Intersection of filters

olivierd

Jan 24, 2023 2 min read

Intersection of filters

Let $\mathcal F_1$ and $\mathcal F_2$ be filters on a same set $E$ .

Then $\mathcal F = \mathcal F_1 \cap \mathcal F_2$ is also a filter on $E$ .

Proof:

$E$ belongs to both $\mathcal F_1$ and $\mathcal F_2$ , hence it belongs to $\mathcal F$ , and $\mathcal F \neq \emptyset$ .

Since $\emptyset$ is not an element of $\mathcal F_1$ , it is not an element of $\mathcal F$ .
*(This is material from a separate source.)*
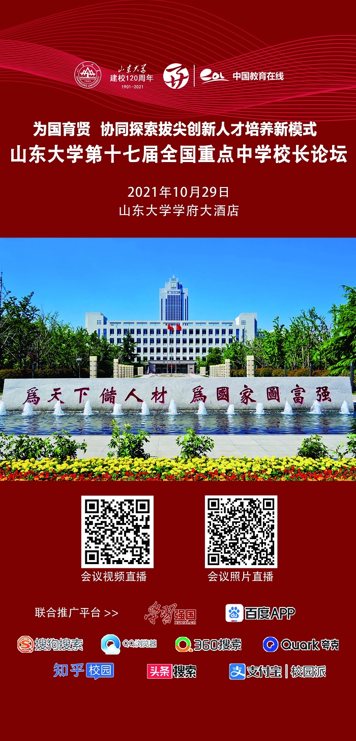 甲子逢双,百廿华诞。2021年是山东大学建校120周年,也是学校坚守“为国育贤”初心,落实立德树人根本任务,致力于培养最优秀本科生取得辉煌成果的一年。为进一步加强与全国重点中学的联系与合作,坚持“四个面向”,共同研讨新形势下拔尖创新人才培养的有效机制和模式,积极推动普高融合,着力培养具有全球胜任力、堪当民族复兴大任的时代新人,山东大学联合中国教育在线定于2021年10月28日-30日举办山东大学第十七届全国重点中学校长论坛。论坛主题:为国育贤,协同探索拔尖创新人才培养新模式论坛地点:山东大学学府大酒店(山

Let $A$ be an element of $\mathcal F$ and $B \subseteq E$ a superset of $A$ . Then $A \in \mathcal F_1$ and $A \subseteq B \subseteq E$ ; hence $B$ is an element of $\mathcal F_1$ . Similarly $B \in \mathcal F_2$ ; hence $B \in \mathcal F$ .
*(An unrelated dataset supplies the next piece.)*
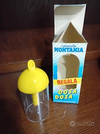 dosazucchero vintage gadget camomilla Montania, veniva dato in omaggio con la camomilla. Non è mai stato usato. Ha ancora la sua confezione originale anche se presenta qualche difetto, graffio e punti in cui il colore è sbiadito

Let $A$ and $B$ be elements of $\mathcal F$ . Then they are both elements of $\mathcal F_1$ , hence their intersection belongs to $\mathcal F_1$ . Similarly their intersection belongs to $\mathcal F_2$ . Hence $A \cap B \in \mathcal F$ .

Note:

The filter $\mathcal F = \mathcal F_1 \cap \mathcal F_2$ is also equal to the set of unions of an element $X_1$ of $\mathcal F_1$ and an element $X_2$ of $\mathcal F_2$ . In effect, such an $X = X_1 \cup X_2$ is a superset of $X_1$ , hence belongs to $\mathcal F_1$ , and a superset of $X_2$ , hence belongs to $\mathcal F_2$ , and so belongs to $\mathcal F$ . Conversely, an element of $\mathcal F$ belongs both to $\mathcal F_1$ and to $\mathcal F_2$ , and, being the union of itself with itself, is the union of an element of $\mathcal F_1$ with an element of $\mathcal F_2$ .